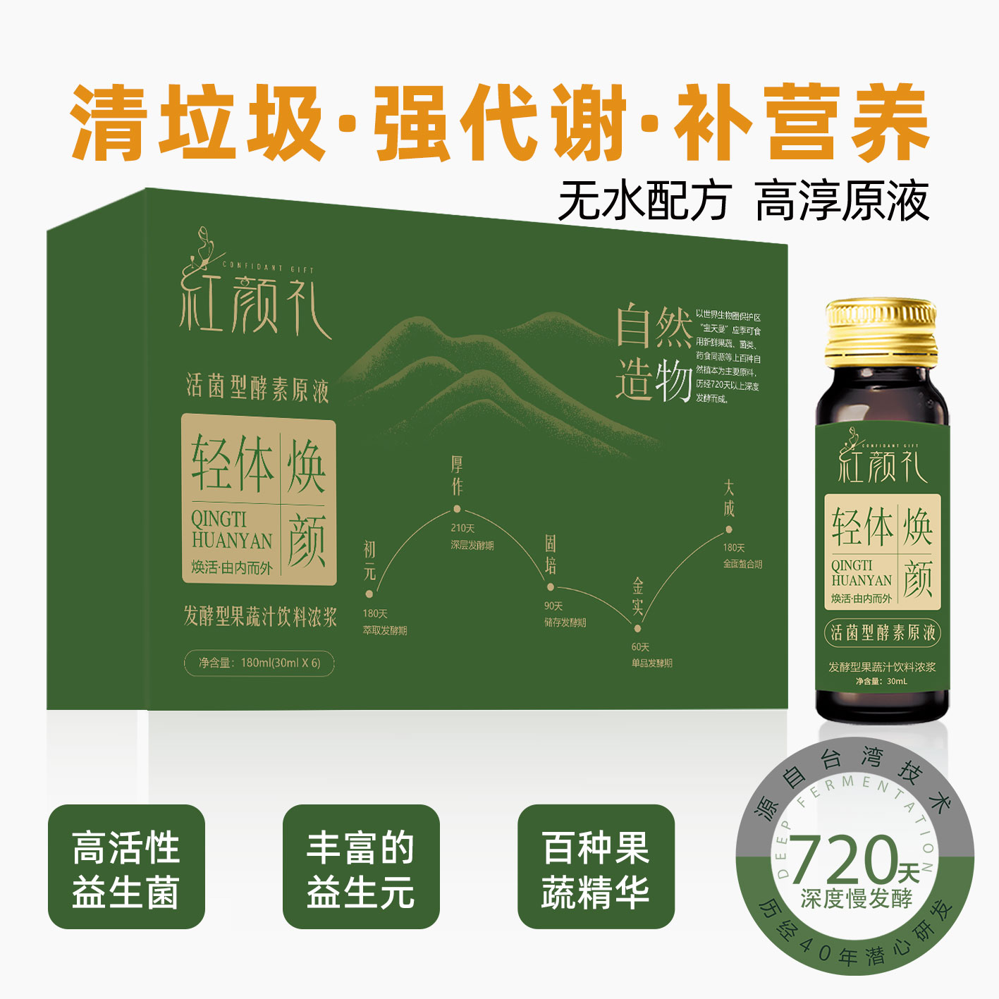 呵护肠道健康,净化内在环境,调养身体代谢,补充珍稀营养,720天活菌慢发酵,富含益生菌益生元,0防腐剂,0致泻成分添加,安全自然,长期饮用无负担。
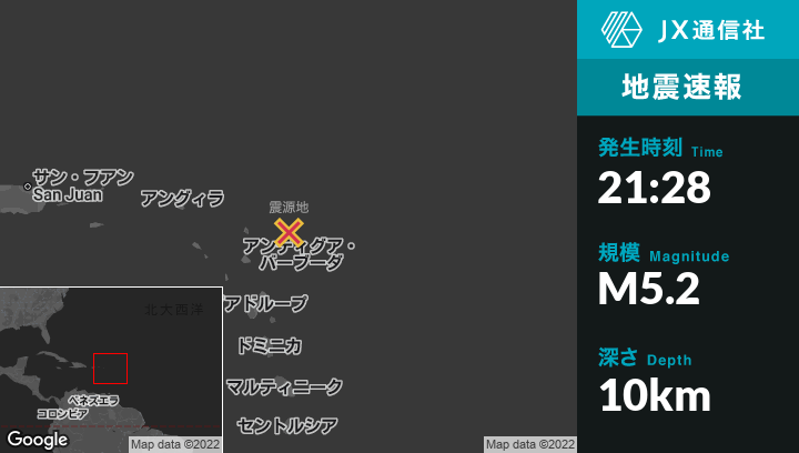 12月20日 21:28頃、アンティグア・バーブーダのCodringtonから東93kmの地点でM5.2の地震がありました。
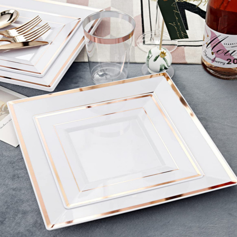9-inch white-based gold-edged square plate, 1 piece per pack

> _Problem to work on_
Write the listing out exactly, apart from its pictures.

> _Answer area_
 呵护肠道健康,净化内在环境,调养身体代谢,补充珍稀营养,720天活菌慢发酵,富含益生菌益生元,0防腐剂,0致泻成分添加,安全自然,长期饮用无负担。
 12月20日 21:28頃、アンティグア・バーブーダのCodringtonから東93kmの地点でM5.2の地震がありました。
9-inch white-based gold-edged square plate, 1 piece per pack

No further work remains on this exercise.